Странно, не правда ли?
Не менее странно и то, что ретроспективы Дианы Арбус и Ли Фридлендера были подготовлены самыми авторитетными фотокураторами Америки: первая – Сандрой Филипс (при участии Элизабет Сусман), вторая – Питером Галасси. Ретроспективная же выставка Виногранда составлена энтузиастом – фотографом и эссеистом Лео Рубинфайном.
Выставка огромная – 300 фотографий. При этом треть из них никогда не была напечатана. Не в смысле опубликована, а в смысле напечатана при помощи фотоувеличителя, светочувствительной бумаги, проявителя и закрепителя. То есть, сам Гарри Виногранд либо видел эти фотографии крошечными кадриками – 24х36 миллиметров – на контактных листах, либо не видел их вовсе.
Когда Виногранда спрашивали, какие художественные задачи он ставит перед собой, зачем он фотографирует, один из его заготовленных ответов был: «Я снимаю, чтобы увидеть, как э т о (событие, место, ситуация – М.Л.) будет выглядеть на фотографии». Иначе сказать – на нынешней выставке представлена по меньшей мере сотня фотографий, на которую такого интереса у автора не хватило.
За последние 13 лет своей жизни – с 1971-го по 1984 год – Виногранд снял 12 тысяч плёнок. Но 2500 из них вообще не проявил, а 4100 проявил, однако контактные отпечатки с них не напечатал. И это ещё не полная картина. Из 5400 напечатанных контактных листов 3000 не содержат никаких пометок, то есть, вероятнее всего, эти 3000 листов Виногранд никогда не брал в руки. Зачем же он снимал эти 9600 плёнок (345600 кадров), если их содержанием он даже не поинтересовался?
Что-то странное произошло с человеком, нью-йоркская квартира которого была завалена тысячами отпечатков, с человеком, у которого, насколько я знаю, не было других интересов, кроме фотографии, что-то с ним случилось.
В семидесятые годы качество работ Виногранда драматически упало, написал в статье «Работа Гарри Виногранда» Джон Зарковский, а составители каталога к нынешней выставке выразились так: после 1971 года Гарри Виногранд потерялся («had lost his way»).

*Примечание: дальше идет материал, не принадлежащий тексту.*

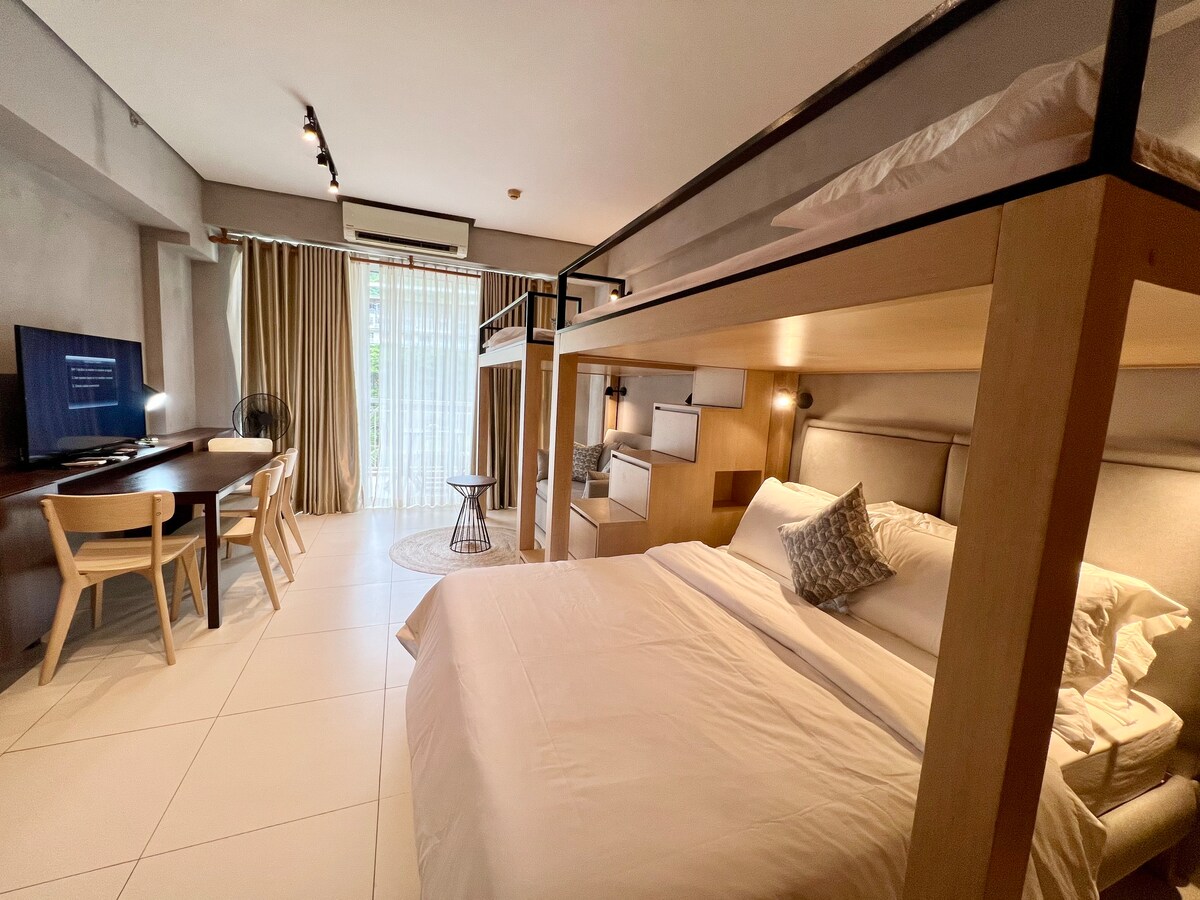 Welkom bij Yugen Suites, je rustige toevluchtsoord aan zee, waar minimalistisch Japans design de natuurlijke schoonheid van Mt. Pico De Loro. Dit onlangs gerenoveerde appartement ligt op de tweede verdieping van het Carola B-gebouw in de prachtige kust van Hamilo en is een studio-slaapkamer van 47 m ² met eigen keuken en badkamer ontworpen met een schone, natuurlijke esthetiek. — CAPACITEIT — Pico-regels beperken de capaciteit van de kamer tot 6 personen, waaronder kinderen van 1 jaar en ouder. Geen uitzonderingen.

Свой путь в фотографии Виногранд начал с журналистской работы. В пятидесятые-шестидесятые годы издавалось множество иллюстрированных журналов, большинство из них – еженедельники. Фоторепортажи и фотоочерки были основными жанрами эпохи. И признанные мастера, такие, как Анри Картье-Брессон и Юджин Смит, и молодые фотографы, недавно взявшие в руки камеру, работали по заданию иллюстрированных журналов.
Но, снимая для журналов, Виногранд относится к этой работе как к источнику дохода, резко отделяя её от работы, которую он делал для себя.
Для Юджина Смита фотография была борьбой: «Каждый раз, когда я нажимаю на спуск затвора, – это и жест отрицания, и одновременно надежды на то, что моя фотография может остаться в сознании людей».
Для Картье-Брессона фотография –инструмент, помогающий увидеть во внешних элементах происходящего – в видимом – отражение внутренней сущности события. «Для меня фотография – это моментальное постижение – в долю секунды – значения некоего события и одновременное распознавание формы, в которой это событие может быть адекватно запечатлено». В том, что происходящее имеет внутренний смысл, и в том, что этот смысл извлекаем, Брессон не сомневается. Как не сомневается он и в том, что фотограф, «извлекая смысл», даёт своё толкование событий.
Гарри Виногранд видел жизнь иначе. Лео Рубинфайн сформулировал это так: «Виногранд /…/ декларировал, что жизнь невозможно понять, если не рассмотреть её фрагмент за фрагментом».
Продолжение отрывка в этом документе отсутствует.